They can be aggressive behavior, depressive signs or autistic features. So it's more often complex. Next slide, please.
And now, we'll switch to another case. And with this in mind, it should not be difficult for you to diagnose the next case. Liesbeth.
Yes, thank you, Erika. Yes, this is a case of a male. He came to our adult outpatient clinic of our obesity center, CTG in Rotterdam.
He was 30 years old and he had a history of weight gain around 11 years old. He had hyperphagia and his type of hyperphagia was related to abnormal eating. So when he was really young, he was eating like his mother told, he's eating crafts, which were meant to give to birds.
And he was eating all those kind of things. When he was adult, he had a more classical hyperphagia. So he didn't feel any satiety or satiation.
So he was always hungry. Also very typical, he had a delayed speech development and also autism spectrum disorder, which is more prevalent indeed in syndromal or genetic obesity. Also, he suffered from a psychosis during puberty and was treated with antipsychotic medication.

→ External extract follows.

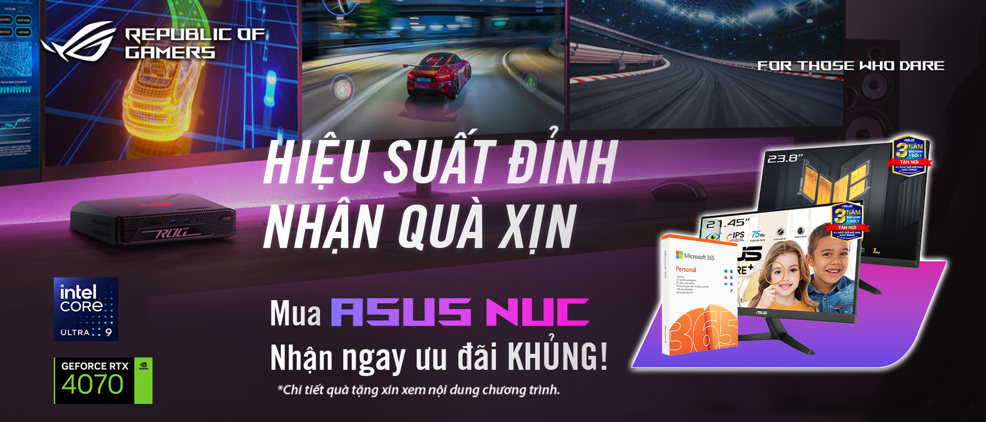 - Combo 3: Khách hàng mua màn hình gaming ASUS ROG kèm ASUS NUC được tặng Office 365 từ hãng.
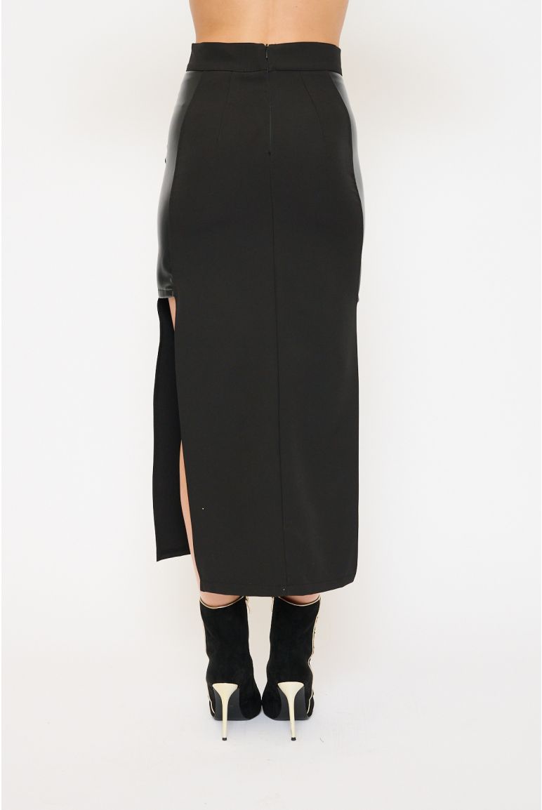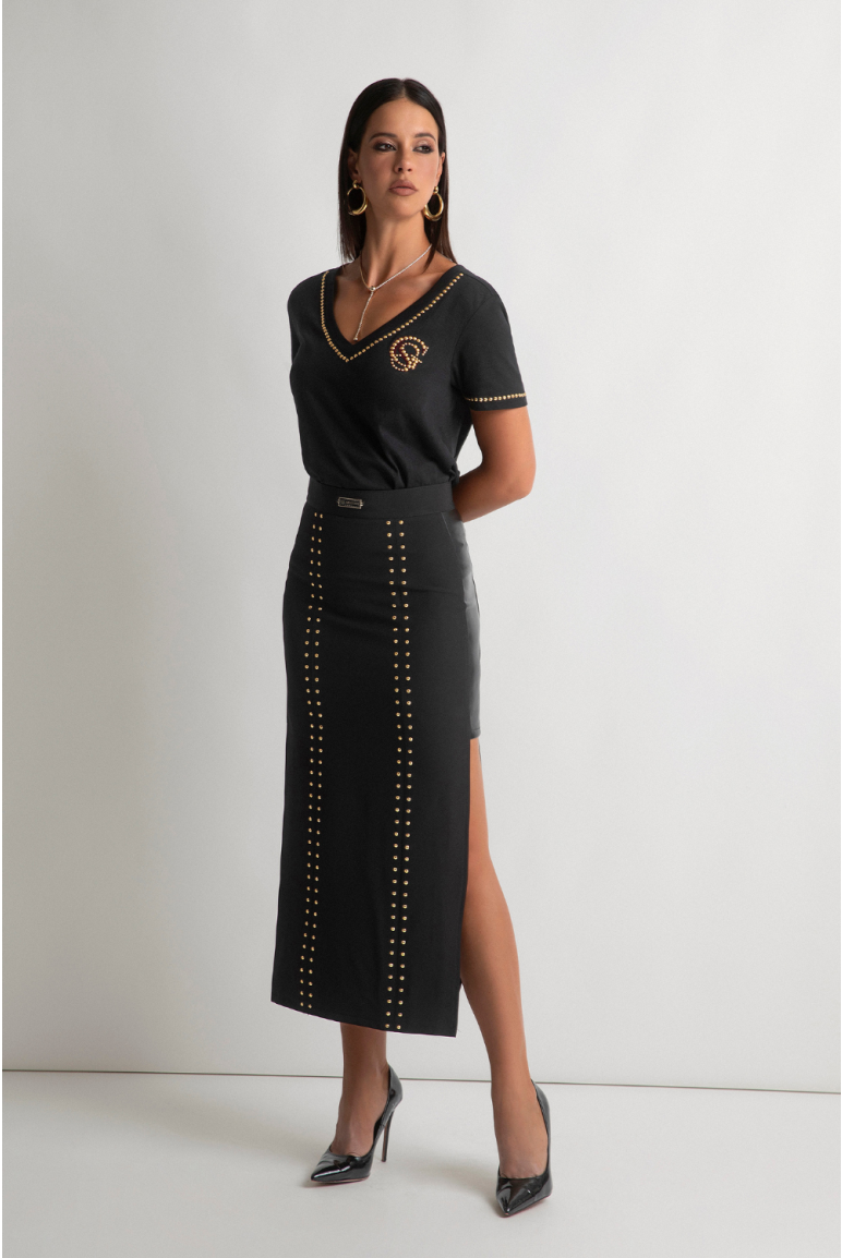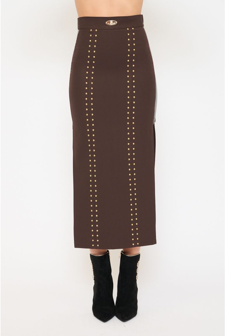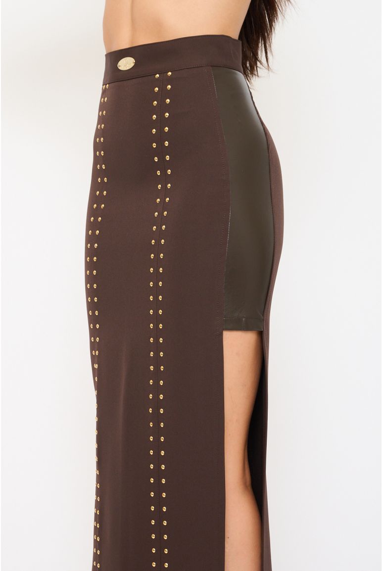 Gonna con spacchi laterali, borchie e inserti in ecopelle

And he very much increased in weight. So at the time he was 15, he was living with obesity. So as an adult, his BMI was 33.
He was doing a lot on his lifestyle, trying to live healthy. He had some lab abnormalities. Also very typical was a mild hypergonadism, which can of course be due to any obesity, but also specifically in syndromic obesity, you sometimes see even more lower testosterone.
So what we did, first of all, we of course did genetic testing and he had a 16P dilation syndrome, which is one of the relatively more prevalent syndromes. And then what do you do? Well, he was not eligible for any study. Karine Clement will show some clinical studies.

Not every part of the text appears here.